Et pour Saviano, c'est « injuste ». Apprenant l'existence du contrat lancé par la Camorra contre lui, il est consterné : « Vos propres mots vous ôtent votre liberté, votre liberté de marcher, d'exister. » Devant les 450 personnes qui ont dû montrer patte blanche avec plusieurs contrôles d'identité, les deux hommes ont su « garder leur sens de l'humour », commente Kerstin Ekman, ancien membre de l'Académie Nobel.
« Je suis blessé quand on me dépeint comme quelqu'un qui cherche à vilipender son pays. D'une certaine manière je tente de lui rendre honneur », a précisé Saviano.
Pour Rushdie, toute la difficulté est de savoir « comment mener sa vie », lorsque l'on est ainsi sous le coup de menaces de mort. Et de redouter qu'aujourd'hui, on n'assiste à « un rétrécissement des frontières » dans ce qu'il est permis de dire. Se souvenant des Versets sataniques, il explique que la situation a été très difficile à gérer, particulièrement quand sa vie est en danger.
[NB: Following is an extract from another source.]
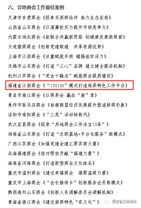 我会打造的《“122105”模式打造独具特色工作平台》是2022年度“创新中国”20个异地商会工作最佳案例之一。“122105”平台在商会日常运营中发挥着重要作用,加强了会员企业之间的沟通合作,也是商会发展过程中的主要创新点之一,能够更好地为会员企业提供精准服务。在未来的工作中,商会将继续保质保量地完成工作,不断创新工作形式,充分发挥“5A级商会”的榜样示范作用。以“122105”工作平台为依托,理论联系实际,增强会员之间的交流互动,助推商会加快创新发展。

Et concernant son copain du jour, il reste optimiste. « Je ne suis pas certain de savoir combien le bras de la Camorra peut être long, mais je présume toutefois que quelle que soit sa longueur, il ne peut pas atteindre tous les coins du monde. » Sur ce point, Saviano avait pourtant avancé des chiffres saisissants, considérant que les mafias italiennes pèsent 100 milliards € en Europe. Repenant pour lui une phrase d'Averoes, il disait : « Regarde la cocaïne et tu verras la poudre blanche ; regarde à travers la cocaïne, et tu verras le monde ».